Shabbat Shalom: Women Scientists and the Freedom to Discover
Dear Friends,
This week I met women who are going to change the world.
At this year’s “BGU Women in Science Day,” female graduate students competed for the outstanding research prize, presenting their findings to a panel of judges. I spent time walking among the posters, listening to young researchers explain their work with a level of clarity, confidence, and intellectual excitement that stopped me more than once.
The “women in science” question has never really been about talent. The talent is obvious. The real question is whether talent finds its way. Whether the path from potential to achievement is longer, harder, or lonelier for some than for others. And every time brilliant minds are discouraged, excluded, or diverted away from science, society loses discoveries that might otherwise have changed lives.
What struck me most was not only the quality of the research itself, but the atmosphere surrounding it: curiosity, disagreement, ambition, rigor, open discussion. In other words, the ordinary miracle of a functioning research university.
That may sound almost self-evident. But increasingly, around the world and here in Israel as well, it is not.

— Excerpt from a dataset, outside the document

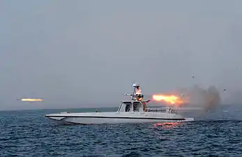 قایق کوچک موشک انداز در رزمایش مدافعان ولایت ۹۰.
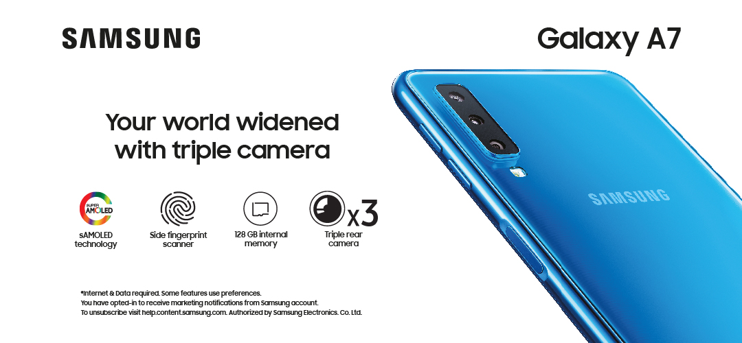 Additionally, the camera possesses an extra smart ‘scene optimizer’. This basically sets a category for the subject being shot, in addition to adjusting the color, contrast, and brightness to guarantee a premium image quality. Add to that a sleek fashionable design that makes a statement. Not to mention that Galaxy A7 comes with Bixby and Samsung Health to make daily lives of users much easier.

This past week, in my capacity as Chair of VERA, the Council of Israeli University Presidents, I helped lead an unprecedented joint response by the heads of 48 Israeli institutions of higher education, universities and colleges, public and private, secular and religious, against proposed legislation that would allow the Minister of Education to financially penalize universities for institutional actions deemed “political.” Beneath the innocuous title of the law lies something far more troubling: the concentration of power to determine what constitutes legitimate public expression in the hands of a single politician.
There is an irony here that should concern all of us. Universities are often accused of being “political” simply because they remain among the last places where difficult questions are still openly debated. But the purpose of a university is not ideological conformity. A healthy university is one where ideas are tested rigorously, where evidence matters, where disagreement is permitted, and where young people learn not what to think, but how to think.
That is exactly what I saw this week among those young women researchers presenting their work.
Their discoveries may emerge years from now in medicine, engineering, climate science, AI, or biotechnology. But none of that innovation happens in environments governed by fear, intellectual intimidation, or political dependency. Scientific creativity requires institutional freedom.
This is why protecting higher education matters far beyond the university itself. Countries that weaken the independence of their universities ultimately weaken their own scientific capacity, economic competitiveness, democratic resilience, and ability to attract and retain talent.
At Ben-Gurion University, especially in the Negev, we understand this deeply. Our mission has always been larger than classrooms and laboratories alone. We are helping build the future scientific, medical, technological, and social leadership of Israel. That responsibility requires not only investment in research and students, but protection of the conditions that allow knowledge itself to flourish.
Watching those students this week, I left deeply optimistic. The next generation is ready. Our responsibility is to ensure that the university remains a place where their talent can thrive freely.